Mitochondrial respiration, ultrastructure, and ATPase activity in cells expressing hFis1. (A) Oxygen consumption in control and hFis1-expressing intact wt MEFs. Forty-eight hours after transfection, cells were harvested, and 108 cells were incubated in HBSS into an oxygen electrode chamber. Where indicated (arrows), the uncoupler FCCP (2 μM) and the complex IV inhibitor NaN3 (10 mM) were added. (B) Oxygen consumption in control and hFis1-expressing permeabilized MEFs. Experiments were as in A, except that the cells (108) were incubated in 0.5 ml EB containing 0.01% (wt/vol) digitonin. Where indicated (arrows), glutamate plus malate (G/M, 5/2.5 mM) or succinate (Succ, 5 mM in the presence of 2 μM Rotenone, an inhibitor of complex I), ADP (100 μM), oligomycin (2.5 μg/ml), FCCP (60 nM), and NaN3 (1 mM) were added. (C) In-gel activity assay of F1-ATPase.

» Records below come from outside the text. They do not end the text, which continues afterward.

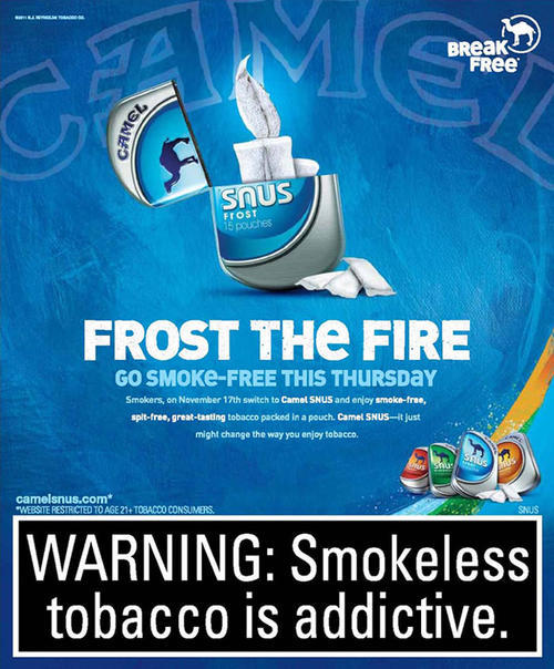 Camel Snus ad encouraging smokers to switch to Camel Snus on November 17, 2011, the date coinciding with the Great American Smokeout. Text: "Frost the Fire. Go smoke-free this Thursday".
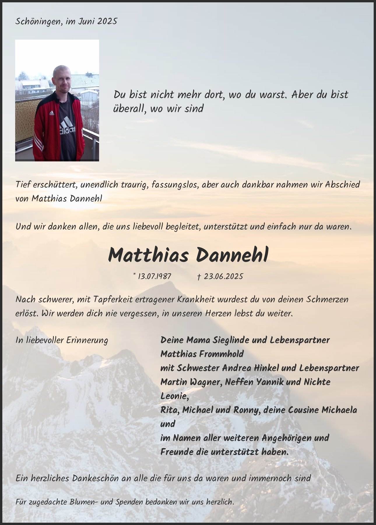 Tief erschüttert, unendlich traurig, fassungslos, aber auch dankbar nahmen wir Abschied von Matthias Dannehl Und wir danken allen, die uns liebevoll begleitet, unterstützt und einfach nur da waren.
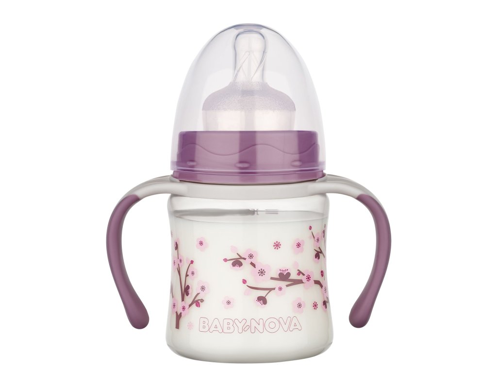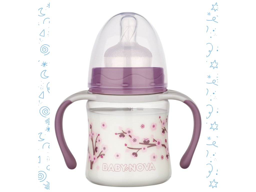 Dojčenská fľaša s rukoväťami Baby Nova s potlačou čerešňového kvetu alebo púpavy. Fľaša je vybavená okrúhlym silikónovým cumlíkom v jednej veľkosti Uni pre dojčatá a deti od 0 - 24 mesiacov. Veľký otvor fľaše umožňuje veľmi jednoduché plnenie a čistenie. Súčasťou balenia je aj skrutkovací krúžok s viečkom a ochranný uzáver.
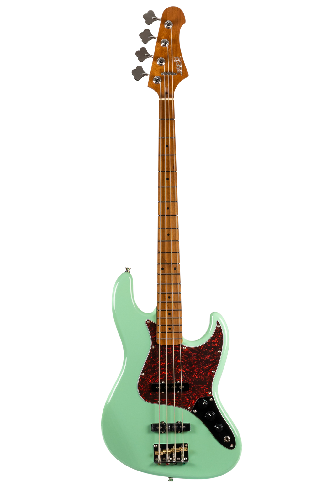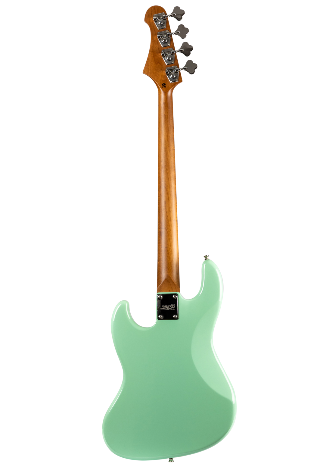 The JET JJB-300 Electric Bass Guitar offers all players a solid and well constructed bass guitar ready for any performance style at a very affordable price. Featuring a Roasted Poplar body, Canadian Roasted Maple neck with modern C-Shaope, Rosewood fretboard, 34" scale - 20 Frets, 2 JB style pickups, Double action truss rod, Bone nut, 2 volume/1 tone control and finished with D'Addario Strings, the Jet JJB-300 basses pack alot of value, tone and performance within a great price point. Oxygen Music is proud to stock a wide range of Jet Guitar and Bass instruments including the JJB-300 basses. Finished in Sea Foam Green.
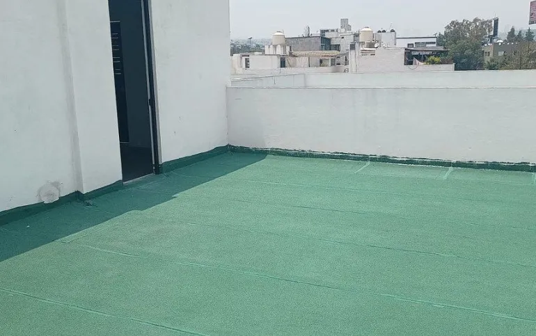 Con superficie de 75.42 m2, con balcón, con sala comedor, cocina integral abierta hacia la estancia barra de granito y estufa eléctrica, área de lavado, recamara principal con closet baño, recamara secundaria con closet, baño completo que comparte con visitas, estacionamiento cubierto para un auto, bodega, roof garden privado de 73 m2

Mitochondria from hFis1-transfected and untransfected cells were isolated and solubilized in n-dodecylmaltoside. Solubilized samples were then separated by BN-PAGE as described in experimental procedures. The Blue Native gel was then histochemically stained for ATP hydrolysis activity. Mitochondria isolated from human hearth samples were loaded as a control. (D) Representative ultrastructure of mitochondria in hFis1-expressing cells. Cells transfected with hFis1 were fixed, and standard electron microsopy images were acquired as described. Bar, 100 nm.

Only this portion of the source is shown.